▶ ABOUT THIS EXERCISE
Reproduce all of the data below without alteration; exclude every picture.

▶ RECORDED DATA
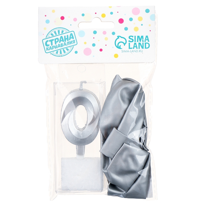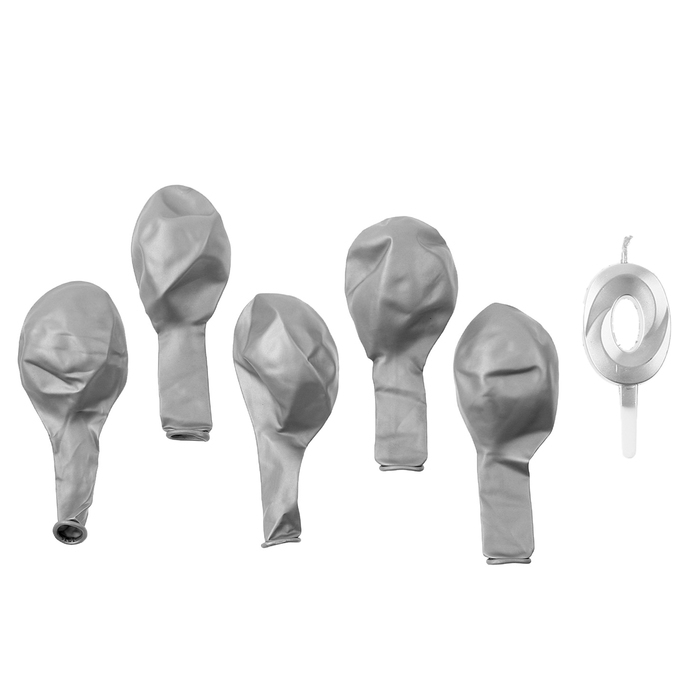 Свечи для торта + 5 шаров, цифра 0, серебро
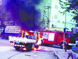 货车自燃驾驶室成空壳 油罐车司机看热闹
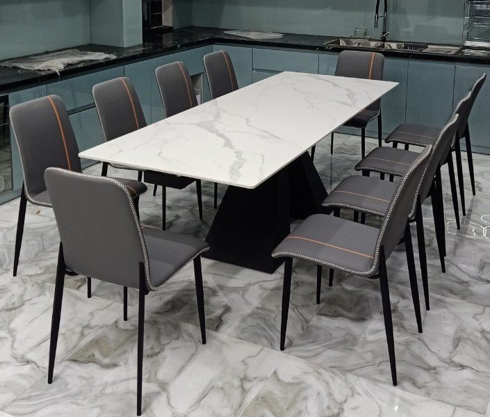 Bàn ăn sử dụng 2 chất liệu được ưu chuộng hiện hành là chân sắt và mặt đá cao cấp. Chất liệu này vừa mang đến phong cách hiện đại, vừa sang trọng lại dễ sử dụng và tuổi thọ cao. Phần chân bàn được thiết kế độc đáo với sắt khổ lớn chứ V ngược bật lên vẻ đẹp của thiết kế. Phần mặt đá sử dụng đá nhập cao cấp chống thấm dễ dàng lau chùi. Vân đá cẩm thạch cực kỳ sang trọng.

▶ EXERCISE RESULT
 Свечи для торта + 5 шаров, цифра 0, серебро
 货车自燃驾驶室成空壳 油罐车司机看热闹
 Bàn ăn sử dụng 2 chất liệu được ưu chuộng hiện hành là chân sắt và mặt đá cao cấp. Chất liệu này vừa mang đến phong cách hiện đại, vừa sang trọng lại dễ sử dụng và tuổi thọ cao. Phần chân bàn được thiết kế độc đáo với sắt khổ lớn chứ V ngược bật lên vẻ đẹp của thiết kế. Phần mặt đá sử dụng đá nhập cao cấp chống thấm dễ dàng lau chùi. Vân đá cẩm thạch cực kỳ sang trọng.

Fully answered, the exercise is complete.